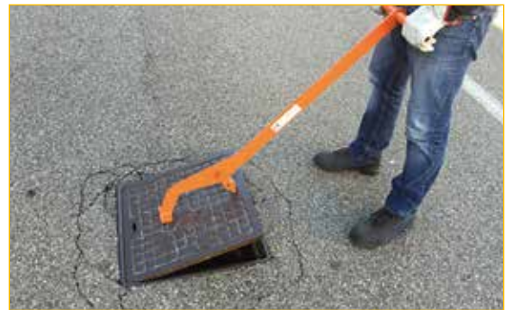
In the opening operation, the length of the lever limits the operator effort.
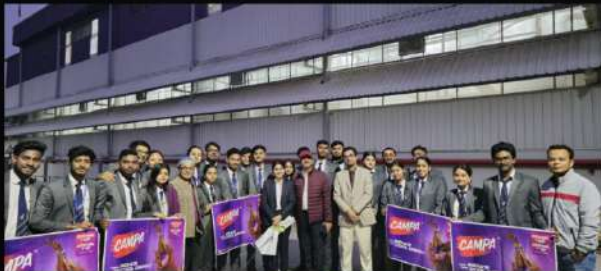
Campa Cola, Guwahati
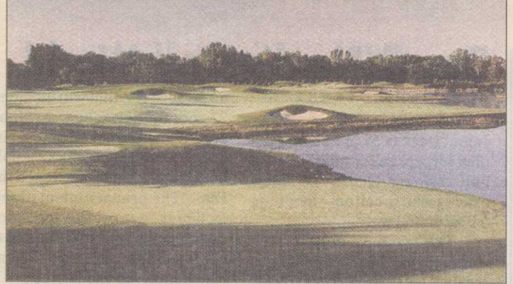
Mistwood Golf Course shows the artistry of architect Raymond Hearn.
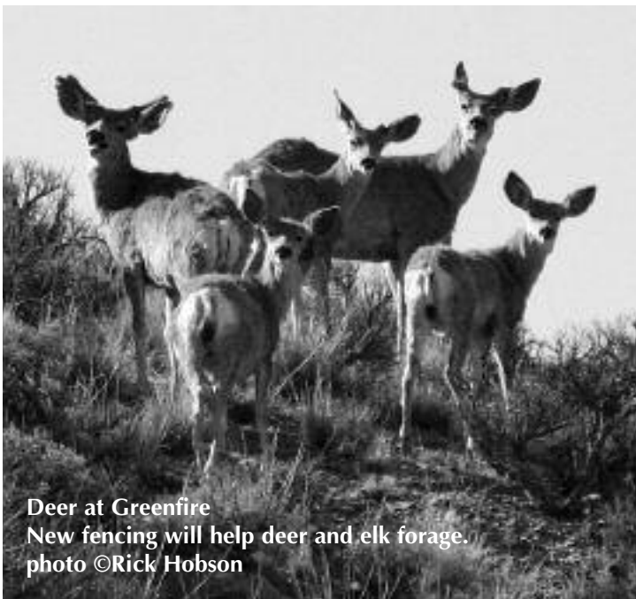
Deer at Greenfire New fencing will help deer and elk forage.
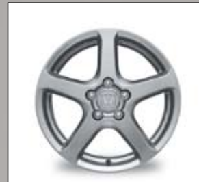
14 > 17" Alloy Wheel
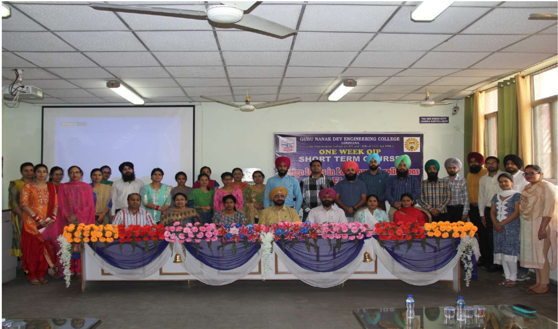
Photo: Valedictory session of STC
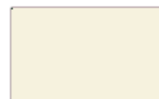
Figure 3: Coordinated Study [27]

The third type, “Coordinated Study,” is the most fully integrated and “may involve coursework that faculty members team teach. The course work is embedded in an integrated program of study” [27].
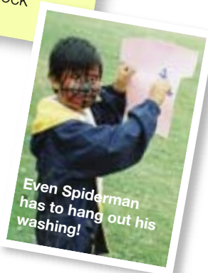
Even Spiderman has to hang out his washing!
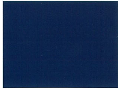
SUPER MARINE BLUE PEARL
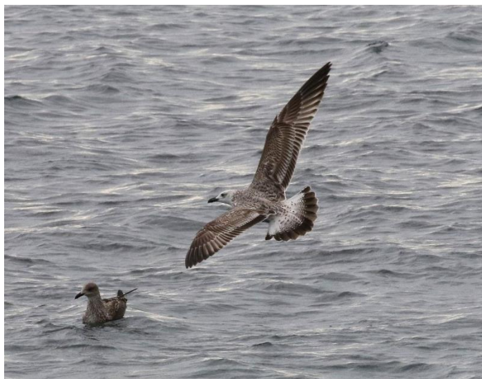
1CY Caspian Gull at Sandgate (Chris Powell)

Required action: Images stay out; the entries above are to be printed exactly.

Result of the task:
In the opening operation, the length of the lever limits the operator effort.
Campa Cola, Guwahati
Mistwood Golf Course shows the artistry of architect Raymond Hearn.
Deer at Greenfire New fencing will help deer and elk forage.
14 > 17" Alloy Wheel
Photo: Valedictory session of STC
Figure 3: Coordinated Study [27]

The third type, “Coordinated Study,” is the most fully integrated and “may involve coursework that faculty members team teach. The course work is embedded in an integrated program of study” [27].
Even Spiderman has to hang out his washing!
SUPER MARINE BLUE PEARL
1CY Caspian Gull at Sandgate (Chris Powell)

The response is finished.